FOR FORTY-EIGHT HOURS, Larry and Lorrie waited for the “imminent” arrival of the buses, spending the last twelve hours standing outside, sharing the limited water, food, and clothes they had with others. Among them were sick people, elders, and newborn babies. The buses never came. Larry later learned that the minute the buses arrived at the city limits, they were commandeered by the military.
Walgreen’s remained locked. The dairy display case was clearly visible through the widows. After forty-eight hours without electricity, the milk, yogurt, and cheeses were beginning to spoil in the ninety-degree heat. Without utilities, the owners and managers had locked up the food, water, disposable diapers, and prescriptions and fled the city. Outside, residents and tourists grew increasingly thirsty and hungry. The cops could have broken one small window and distributed the nuts, fruit juices, and bottled water in an organized manner. Instead, they spent hours playing cat and mouse, temporarily chasing away the looters.
Repeatedly, Larry and Lorrie were told that resources, assistance, buses, and the National Guard were pouring into the city. But no one had seen them. What they did see—or heard tell of—were electricians who improvised long extension cords stretching over blocks in order to free cars stuck on rooftop parking lots. Nurses who took over for mechanical ventilators and spent hours manually forcing air into the lungs of unconscious patients to keep them alive. Refinery workers who broke into boatyards, “stealing” boats to rescue people stranded on roofs. And other workers who had lost their homes, but stayed and provided the only assistance available.

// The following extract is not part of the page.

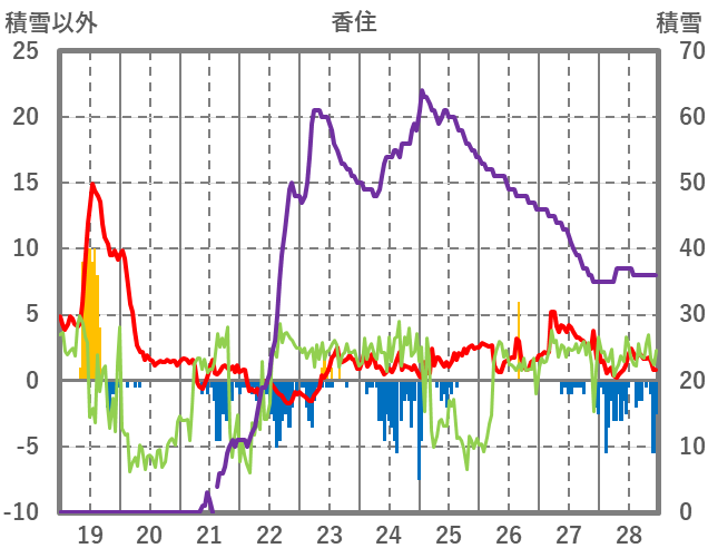 | 日 | 時 | 気温 | 降水 | 風向/風速 | 日照 | 積雪 | 降雪 |

By day four, sanitation was dangerously abysmal. Finally Larry and Lorrie encountered the National Guard. Guard personnel said that the city’s primary shelter, the Superdome, had become a hell-hole. They also said that the city’s only other shelter, the Convention Center, was also descending into chaos and squalor and that the police were not allowing anyone else in. They could offer no alternatives and said, no, they did not have extra water to share.
When Larry and Lorrie reached it, the police command center told them the same thing. Without any other options, they and their growing group of several hundred displaced people decided to stay at the police command post. They began to set up camp outside. In short order, the police commander appeared to address the group. He told the group to walk to the expressway and cross the bridge, where the police had buses lined up to take people out of the city. When Larry pressed the commander to make certain this wasn’t further misinformation, the commander turned to the crowd and stated emphatically, “I swear to you that the buses are there.”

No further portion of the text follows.